正確ではない、ほとんど意味のない言葉を渋い声で連ねてゆく手法は、まるで催眠術である。映像のチョイスから察するに、垢抜けない素人っぽい女の子達がAKBに入ることで立派なアイドルになったといいたいのだろう。
 

 

社会のどういう階層のどういう家の子でも、我武者羅さとある一定の人気を得るために必要なやる気と根性さえあれば、選抜にも、センターにも、モデルにも、女優にもなり得た。

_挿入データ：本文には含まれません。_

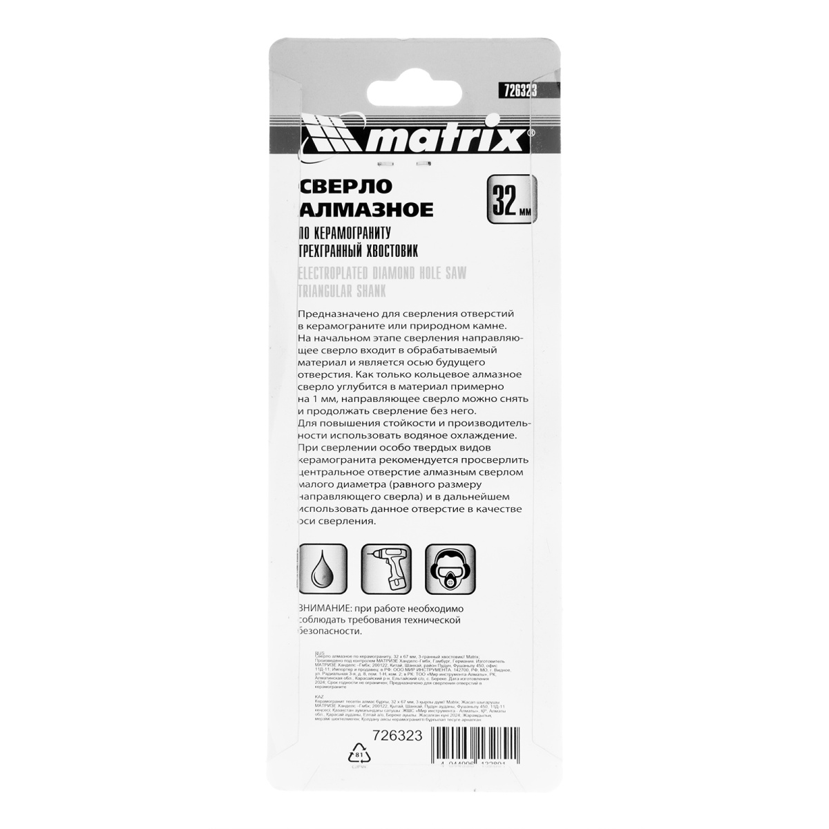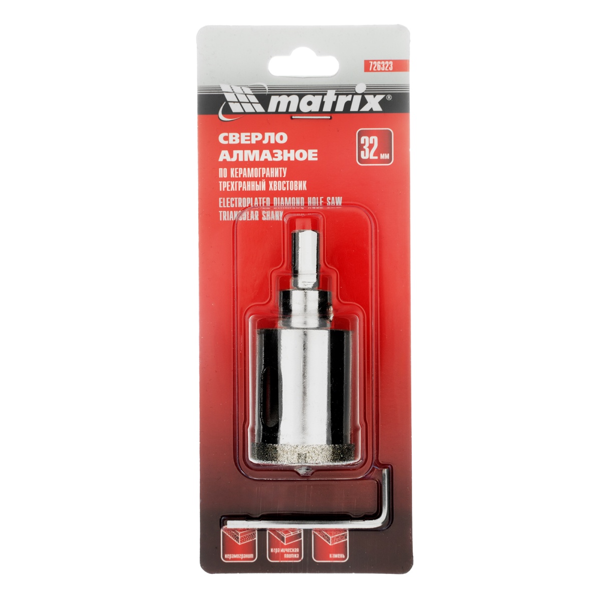 Купить Сверло алмазное по керамограниту, 32 х 67 мм, трехгранный хвостовик Matrix V6213 по лучшей цене с доставкой - интернет магазин №1 в России

これもまたよくある欺瞞である。まあ確かに、資産家や有名人の子弟でなければ入れないということはないのだが、元々芸能界全般がそうだろう。ある一定の人気と普通に聞いてイメージするのは界隈を形成するガチヲタが50名、握手会2コマ1000名を毎回完売、総選挙得票13,000票程度というレベルだが、それで選抜やセンターやモデルや女優になれないのは明白である。そいういうチャンスがある程度回ってくるのは総選挙40位くらいから上だろう。間尺の合わない話をすると、話全体が信用できなくなるからやめたほうがいいと思うよ。じゃんけん大会は、ヲタク人気でも売り上げでもなく、純粋に運でチャンスがつかめるという夢のある企画だったが、誰のせいとは言わないがガチでやった結果悲しい結末を迎えて修正せざるを得なくなったのはまだ多くの人が覚えている。要するに、入るのは簡単だが、そこから頭角を現わして活躍するには、とてつもなく長く厳しい努力を積みながら雌伏するか、悪目立ちでもいから才能を開花させるしかないという現実。


不慣れながら、「アイドル」になった彼女たちは、AKB48史上の最初の体験者として、その新鮮さに昂揚した。この痛々しいばかりの昂揚がわからなければ、AKB48の歴史は分からない。

まあ映像の流れから察するに、普通の女の子がアイドル活動をやるようになって昂揚したと言いたいのだろうが、「AKB48史上最初」、「体験者」、「新鮮さ」、いずれも意味不明。「痛々しいばかりの昂揚」って何のことだろうか。痛々しいと言えば選抜総選挙あたりが思い浮かぶんだが。オーディションに受かってアイドル活動するようになれば、そりゃあ昂揚するだろうけれど、それがわからなければAKB48の歴史が分らないとか言っている意図が全くわからない。

まったくの素人からオーディションで選ばれた彼女たちは、体当たりで戦い続けた。やがて、国民的アイドルグループの名さえほしいままにした。しかし、2019年AKBINGO!終了、キー局地上波レギュラー0に。2020年11年連続で出場していた紅白落選。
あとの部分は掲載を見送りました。